> **SUPPLIED MATERIAL**:
+---+

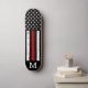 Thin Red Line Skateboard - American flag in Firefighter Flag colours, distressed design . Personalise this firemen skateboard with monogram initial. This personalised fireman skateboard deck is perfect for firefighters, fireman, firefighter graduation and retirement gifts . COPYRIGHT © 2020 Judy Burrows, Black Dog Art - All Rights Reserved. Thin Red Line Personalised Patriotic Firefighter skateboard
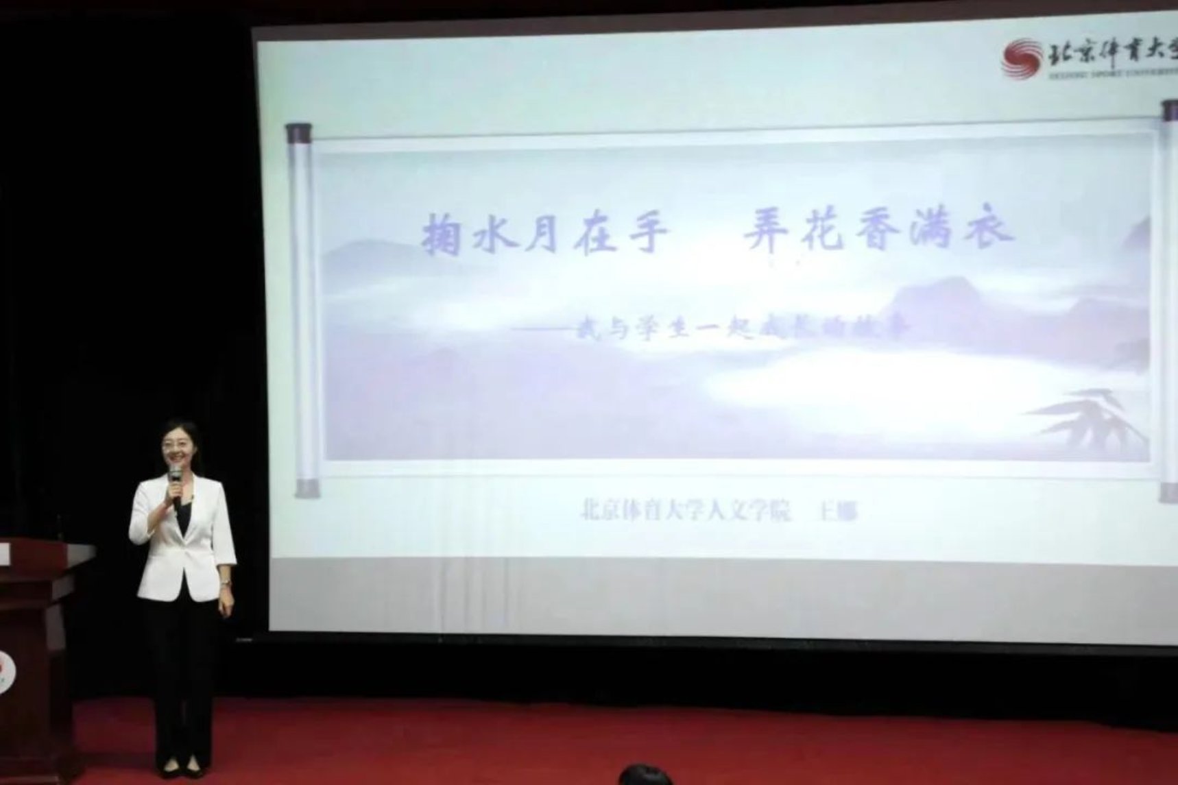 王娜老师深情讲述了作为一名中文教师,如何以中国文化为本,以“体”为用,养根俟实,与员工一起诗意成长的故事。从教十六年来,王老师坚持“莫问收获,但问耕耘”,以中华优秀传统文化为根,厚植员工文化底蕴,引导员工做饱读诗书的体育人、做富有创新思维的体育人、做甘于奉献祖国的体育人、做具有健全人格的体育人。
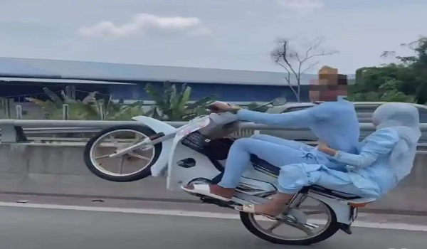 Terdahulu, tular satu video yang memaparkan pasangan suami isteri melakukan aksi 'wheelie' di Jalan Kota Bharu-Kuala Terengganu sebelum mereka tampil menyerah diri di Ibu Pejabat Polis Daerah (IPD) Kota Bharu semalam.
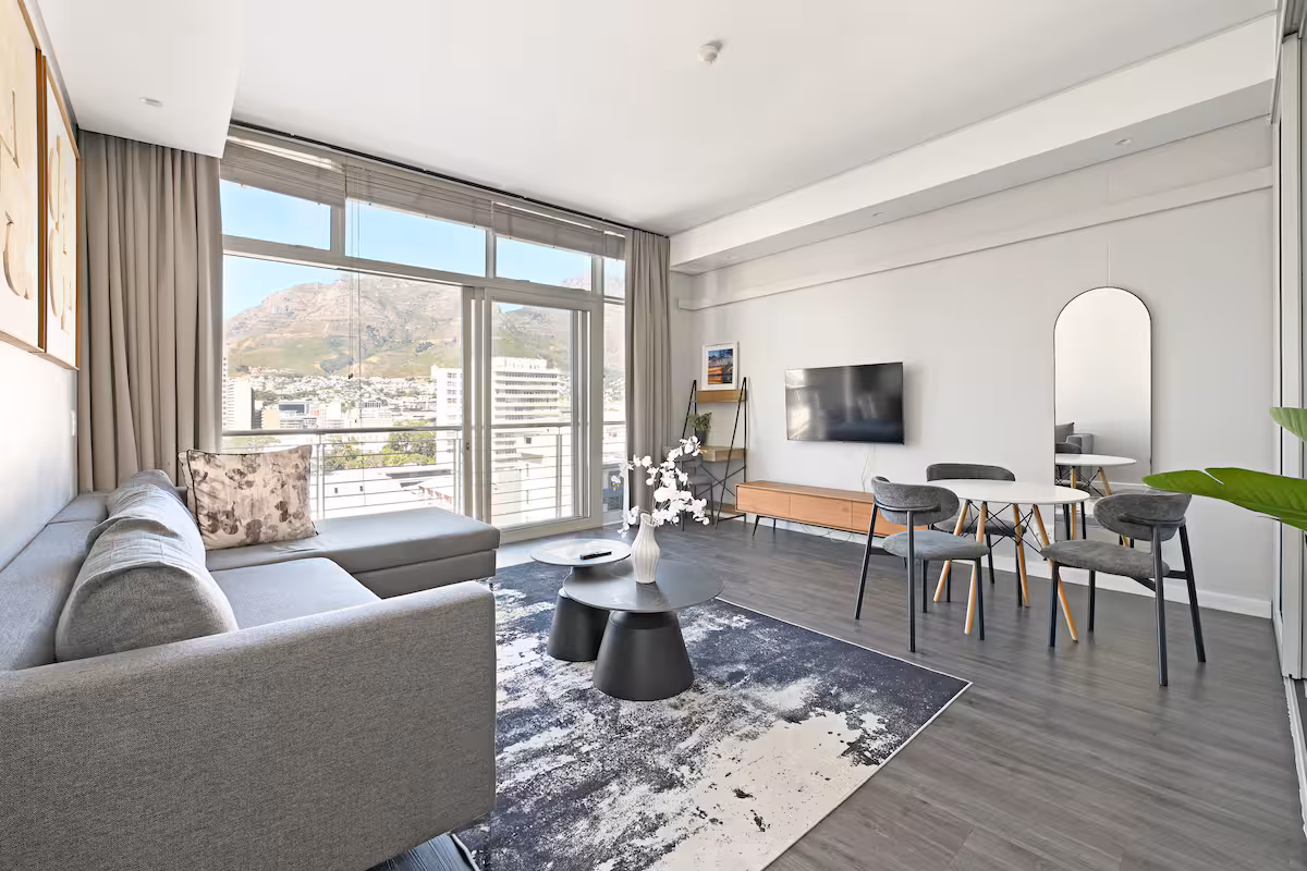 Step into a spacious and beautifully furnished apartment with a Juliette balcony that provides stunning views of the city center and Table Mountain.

+---+

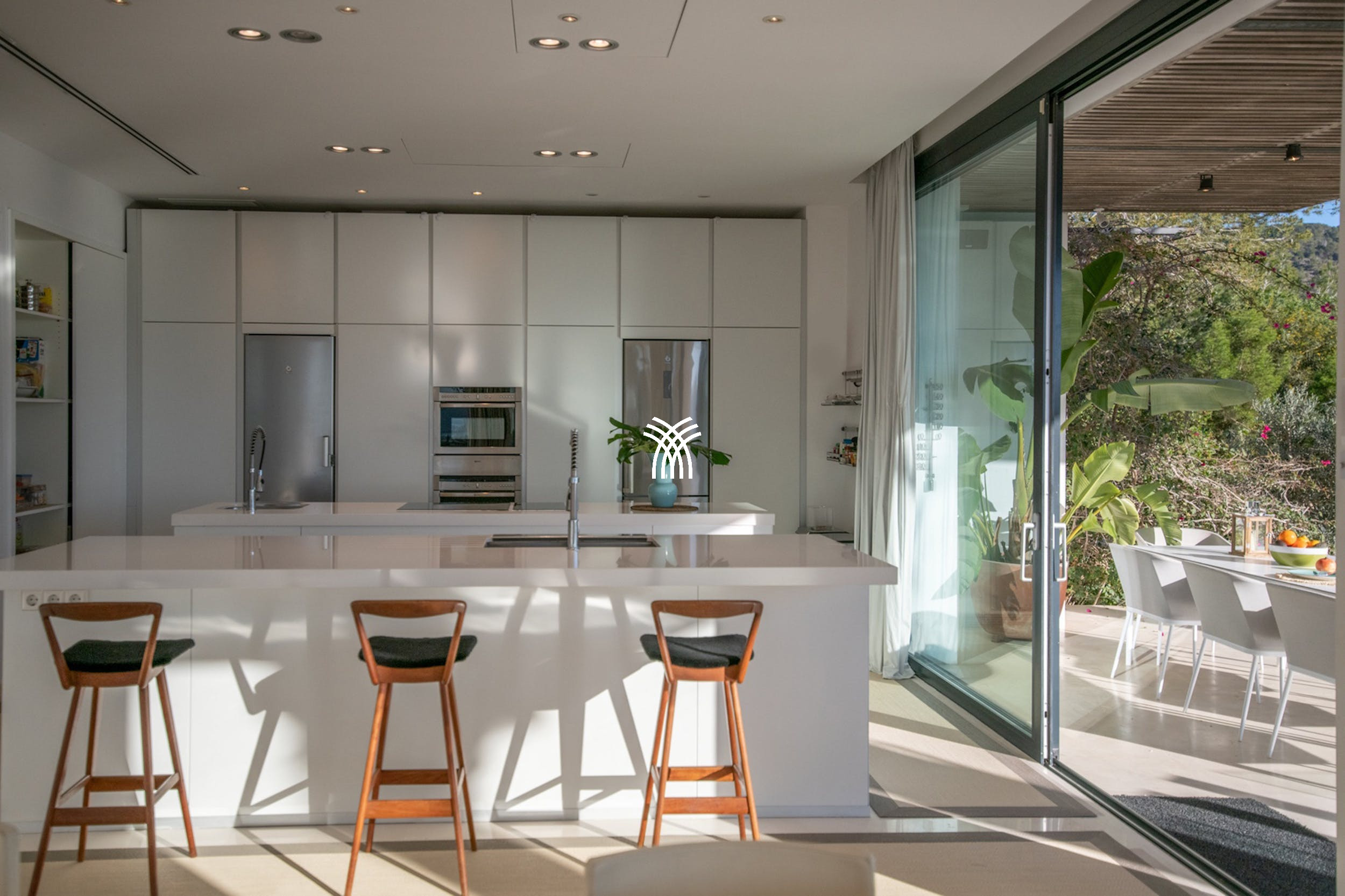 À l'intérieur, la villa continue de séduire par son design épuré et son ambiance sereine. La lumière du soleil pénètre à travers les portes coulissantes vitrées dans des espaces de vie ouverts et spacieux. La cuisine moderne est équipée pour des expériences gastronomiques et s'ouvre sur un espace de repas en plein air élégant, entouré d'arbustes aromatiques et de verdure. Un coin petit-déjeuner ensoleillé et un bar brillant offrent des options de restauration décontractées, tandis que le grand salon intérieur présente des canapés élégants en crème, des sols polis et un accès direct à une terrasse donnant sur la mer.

+---+

> **TASK OBJECTIVE**: Using the records above, print exactly the run of lines that starts with the line with "王娜老师深情讲述了作为一名中" and goes on through the line with "Terdahulu, tular satu", pictures excluded.

> **RESULT FOR THIS EXERCISE**:
 王娜老师深情讲述了作为一名中文教师,如何以中国文化为本,以“体”为用,养根俟实,与员工一起诗意成长的故事。从教十六年来,王老师坚持“莫问收获,但问耕耘”,以中华优秀传统文化为根,厚植员工文化底蕴,引导员工做饱读诗书的体育人、做富有创新思维的体育人、做甘于奉献祖国的体育人、做具有健全人格的体育人。
 Terdahulu, tular satu video yang memaparkan pasangan suami isteri melakukan aksi 'wheelie' di Jalan Kota Bharu-Kuala Terengganu sebelum mereka tampil menyerah diri di Ibu Pejabat Polis Daerah (IPD) Kota Bharu semalam.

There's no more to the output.